A slow-turning method for measuring large anisotropic interactions in inhomogeneously broadened nuclear magnetic resonance spectra

Abstract

A new NMR method is proposed for measuring anisotropic spin-Hamiltonian parameters, STEAMER (slow turning echo amplitude modulation and echo reduction). It involves slow turning of a powdered sample about an axis perpendicular to the external magnetic field. We have theoretically analyzed and experimentally demonstrated this technique for the specific case of an axially symmetric second-rank tensor interaction. The method relies upon a slow continuous rotation of the sample that changes the orientation of the principal-axis systems of interaction tensors with respect to the external magnetic field and renders the spin Hamiltonian time dependent. As a consequence a conventional Hahn spin-echo pulse sequence yields imperfect refocusing and altered echo amplitudes.

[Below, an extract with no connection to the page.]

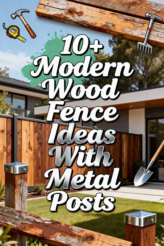 Combining wood with steel, aluminum, or concrete panels creates sophisticated fence systems that balance warmth against industrial strength. You’ll achieve industrial chic by alternating horizontal wood slats with metal frames or pairing vertical cedar boards with polished steel posts. These mixed-material designs offer superior durability—metal withstands moisture while wood provides natural insulation and visual softness.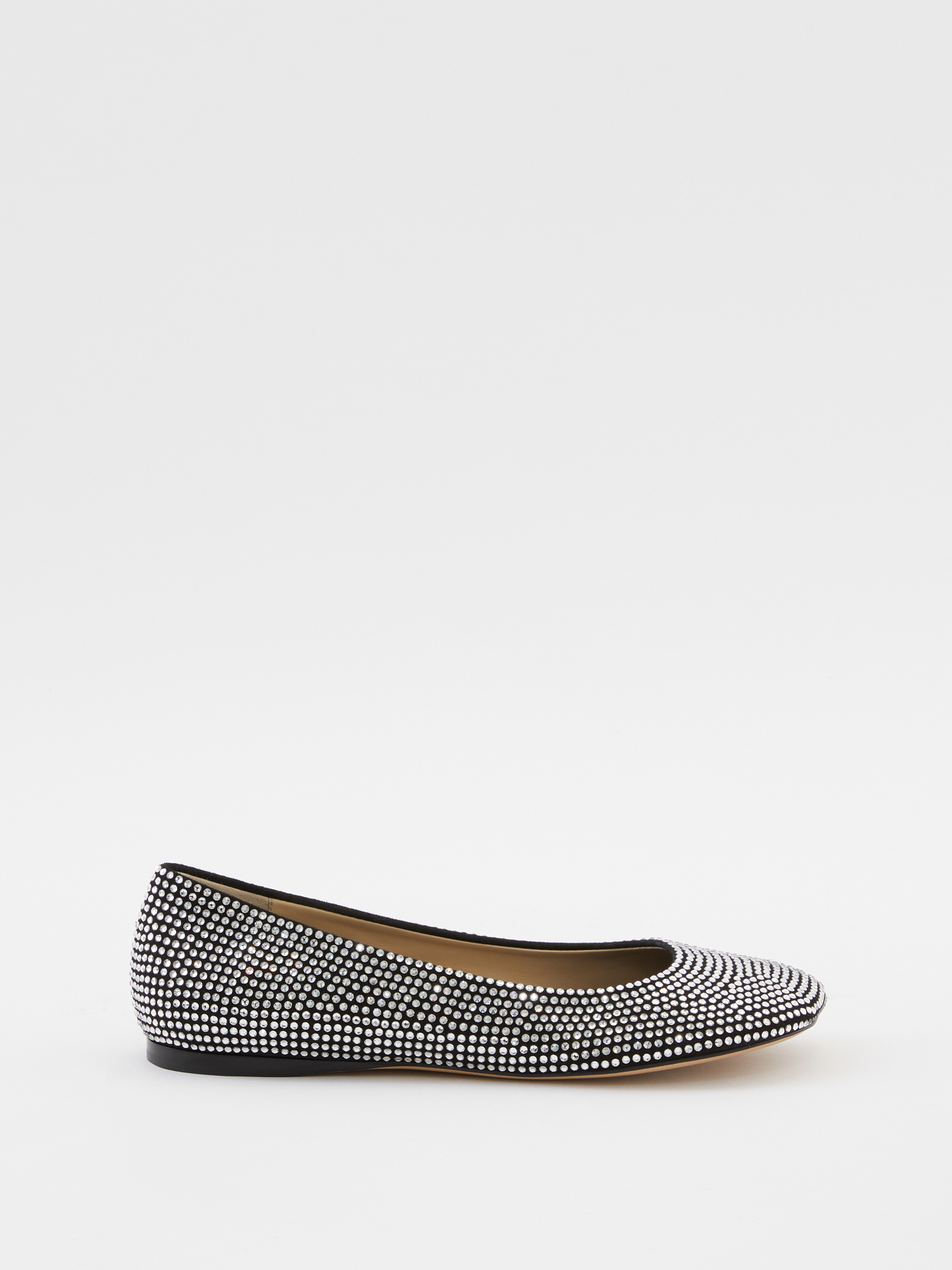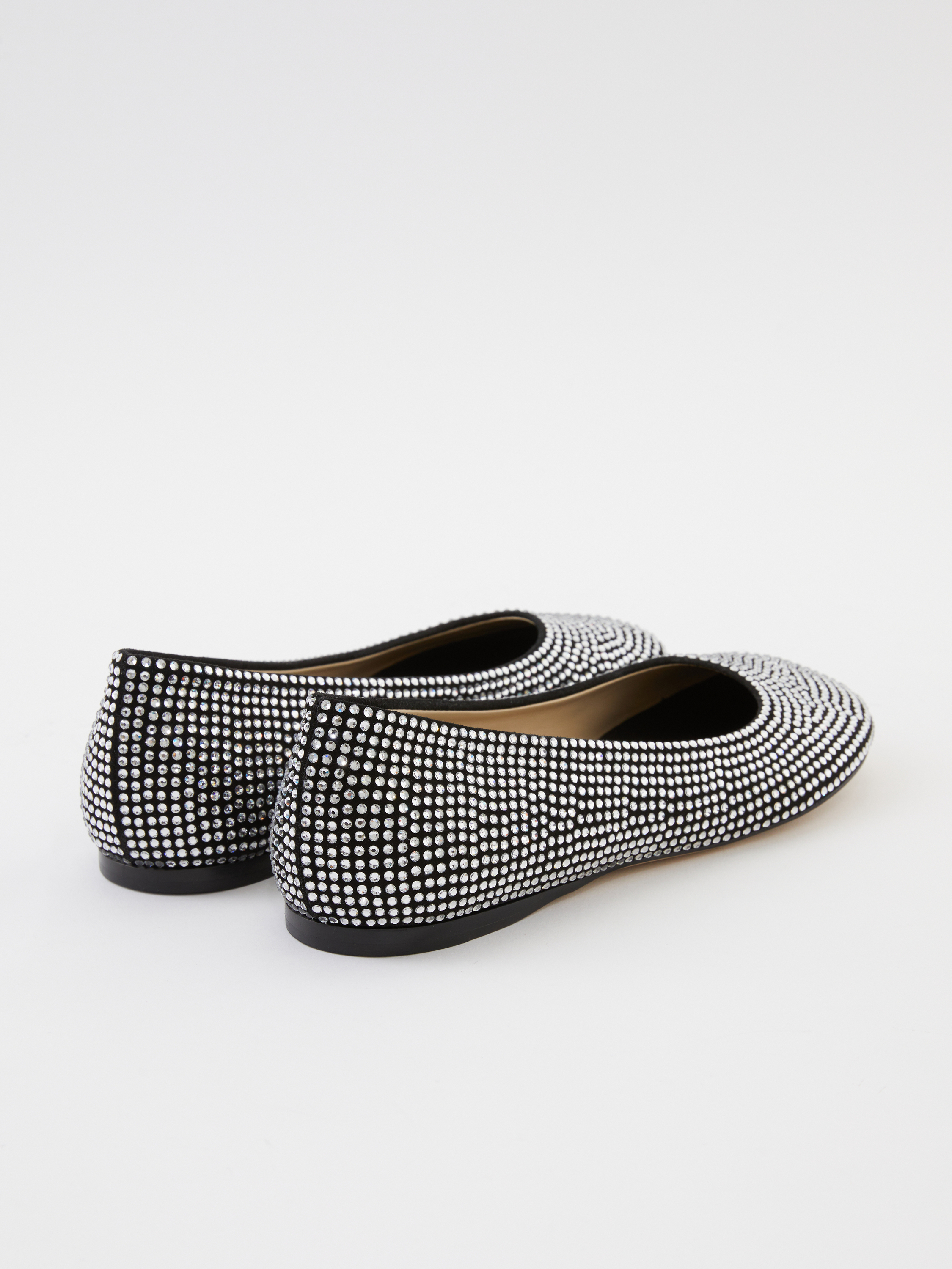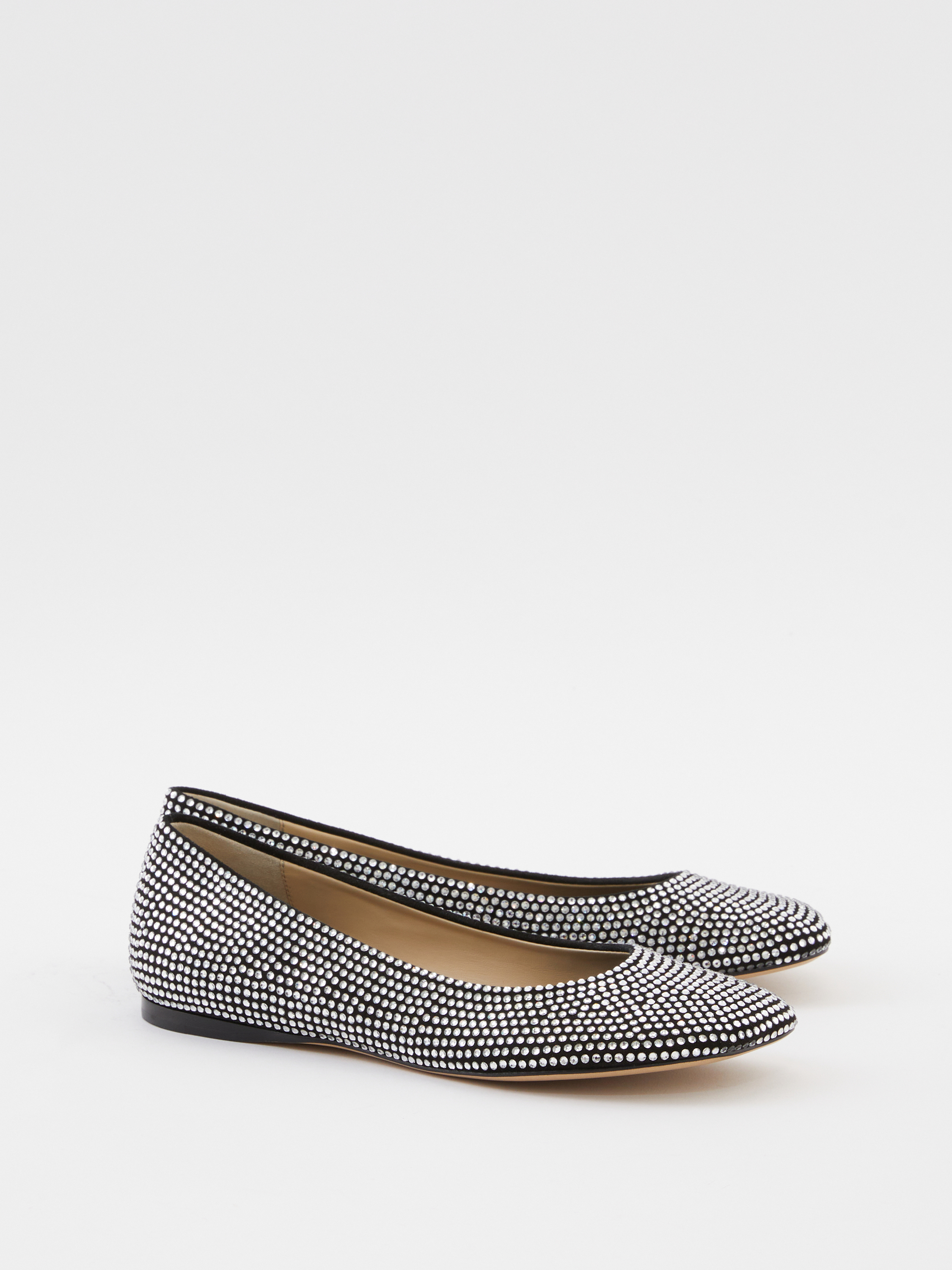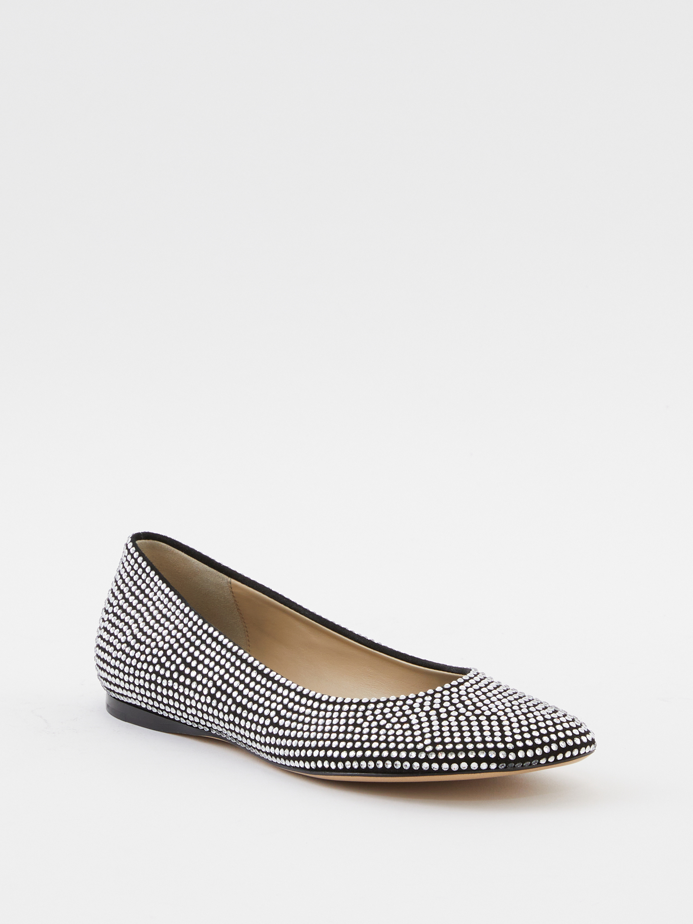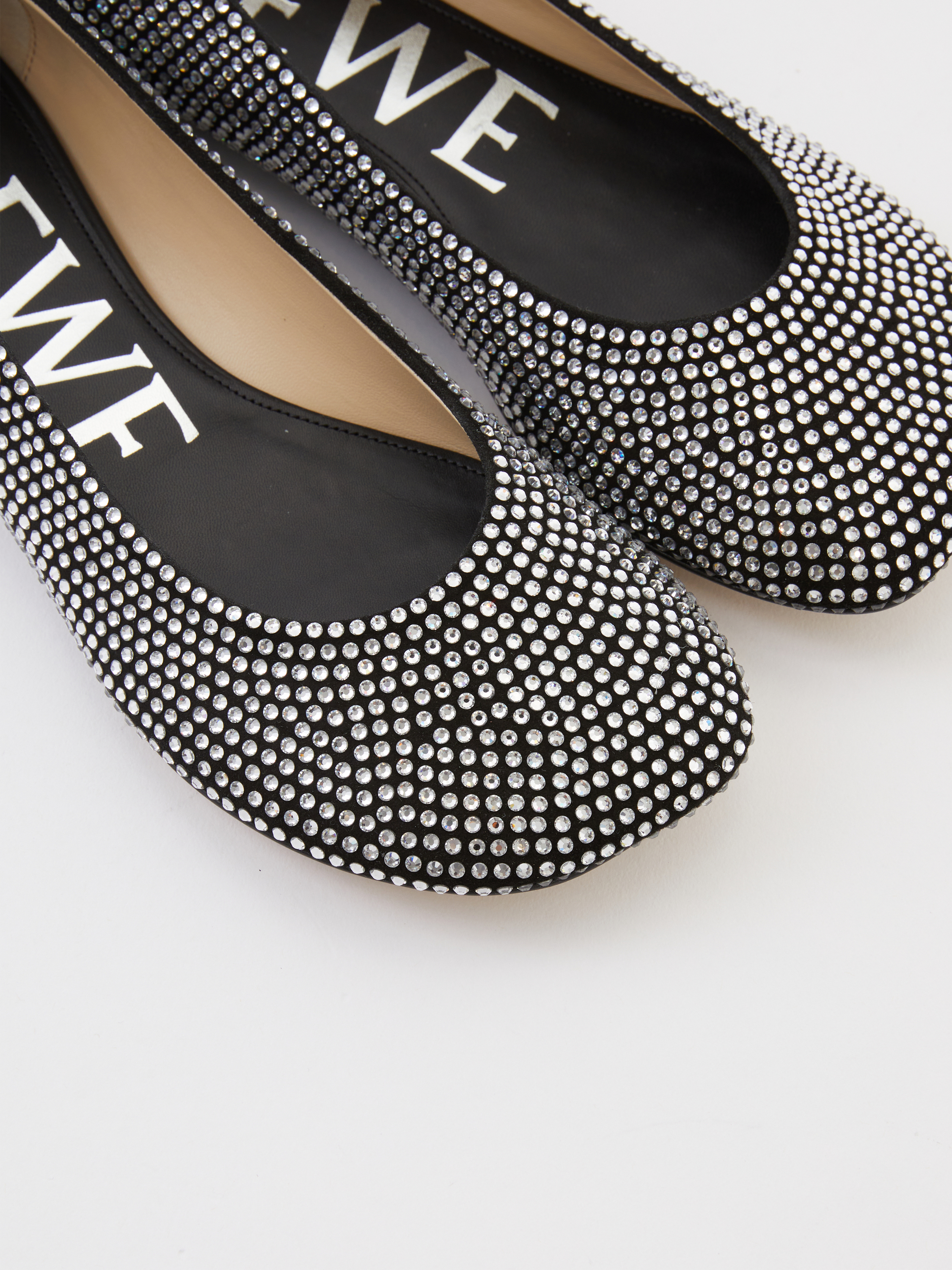 Die Ballerina 'Toy' von LOEWE in Schwarz wurde aus Ziegenveloursleder gefertigt und besticht durch die charakteristische LOEWE-Blütenblatt-Zehenform. Die dekorativen Strasssteinen runden dieses moderne Modell gekonnt ab.

Two principal advantages of STEAMER are that only a small portion of the entire powder pattern need be observed at a single frequency and that anisotropic interactions can be distinguished from distributions of isotropic interactions. The N14 (I=1) selectively excited π/2-π spin-echo NMR signal in KNO3 provides a good test case for the effects of slow turning (rotation at 1 rpm) since it has a first-order quadrupole interaction from a N14 nuclear quadrupole coupling constant (NQCC) of 0.75 MHz and a small asymmetry parameter (0.022). Theoretical simulations of the echo amplitude as a function of the pulse interval for an axially symmetric second-rank tensor agree well with the experimental results at a chosen frequency. These numerical simulations are compared to an analytical approximation derived in terms of the zeroth-order Bessel function. In addition, a simple graphical method for obtaining NQCC values from STEAMER data is developed. Other aspects and possible extensions of the STEAMER experiment are discussed.